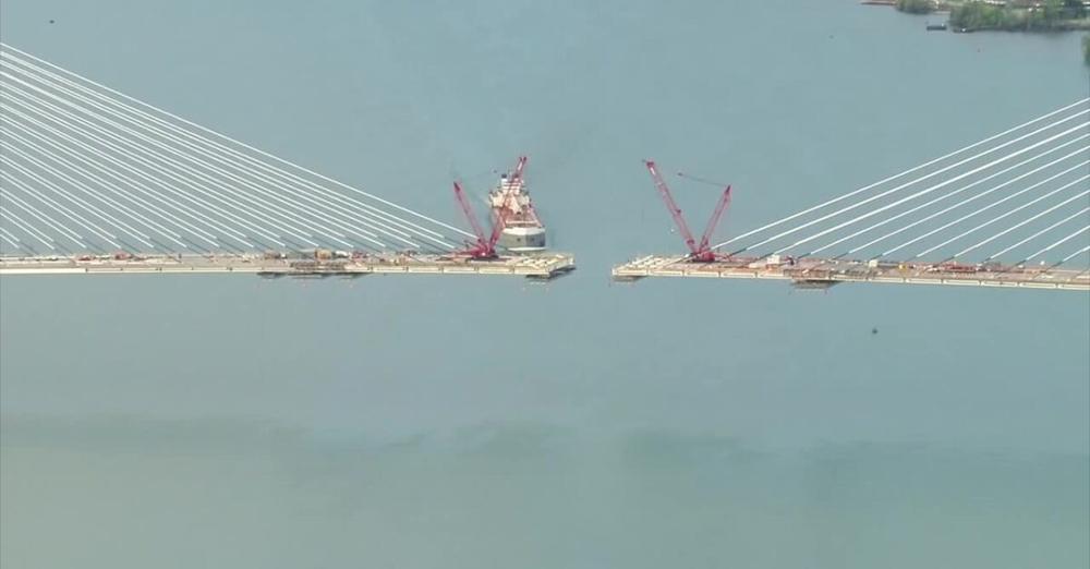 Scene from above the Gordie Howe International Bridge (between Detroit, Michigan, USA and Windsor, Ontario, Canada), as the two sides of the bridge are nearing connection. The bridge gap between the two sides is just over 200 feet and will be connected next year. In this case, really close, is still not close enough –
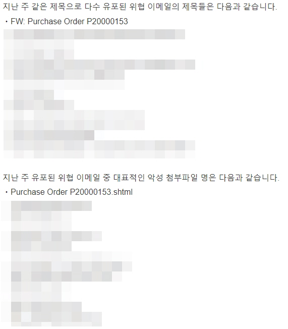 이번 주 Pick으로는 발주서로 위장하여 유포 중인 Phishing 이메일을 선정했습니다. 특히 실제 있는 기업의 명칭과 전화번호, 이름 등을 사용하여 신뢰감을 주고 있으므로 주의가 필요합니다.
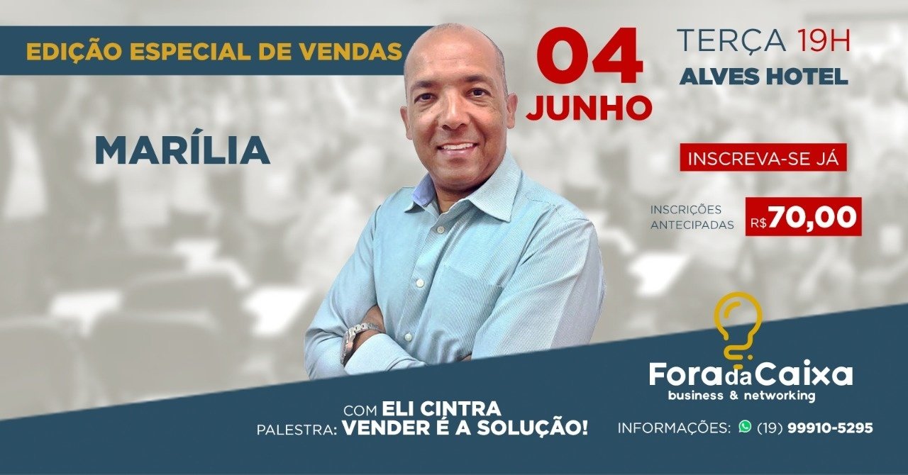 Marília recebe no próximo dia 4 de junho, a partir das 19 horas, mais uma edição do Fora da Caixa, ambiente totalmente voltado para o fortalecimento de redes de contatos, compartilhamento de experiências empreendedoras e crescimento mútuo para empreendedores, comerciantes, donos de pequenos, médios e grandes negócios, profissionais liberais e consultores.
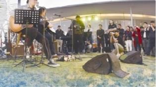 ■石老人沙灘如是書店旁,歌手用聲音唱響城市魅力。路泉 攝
........
▶ Description of the task
Please provide a faithful transcription of all the data, pictures excluded.

▶ Solution to the exercise
 Scene from above the Gordie Howe International Bridge (between Detroit, Michigan, USA and Windsor, Ontario, Canada), as the two sides of the bridge are nearing connection. The bridge gap between the two sides is just over 200 feet and will be connected next year. In this case, really close, is still not close enough –
 이번 주 Pick으로는 발주서로 위장하여 유포 중인 Phishing 이메일을 선정했습니다. 특히 실제 있는 기업의 명칭과 전화번호, 이름 등을 사용하여 신뢰감을 주고 있으므로 주의가 필요합니다.
 Marília recebe no próximo dia 4 de junho, a partir das 19 horas, mais uma edição do Fora da Caixa, ambiente totalmente voltado para o fortalecimento de redes de contatos, compartilhamento de experiências empreendedoras e crescimento mútuo para empreendedores, comerciantes, donos de pequenos, médios e grandes negócios, profissionais liberais e consultores.
 ■石老人沙灘如是書店旁,歌手用聲音唱響城市魅力。路泉 攝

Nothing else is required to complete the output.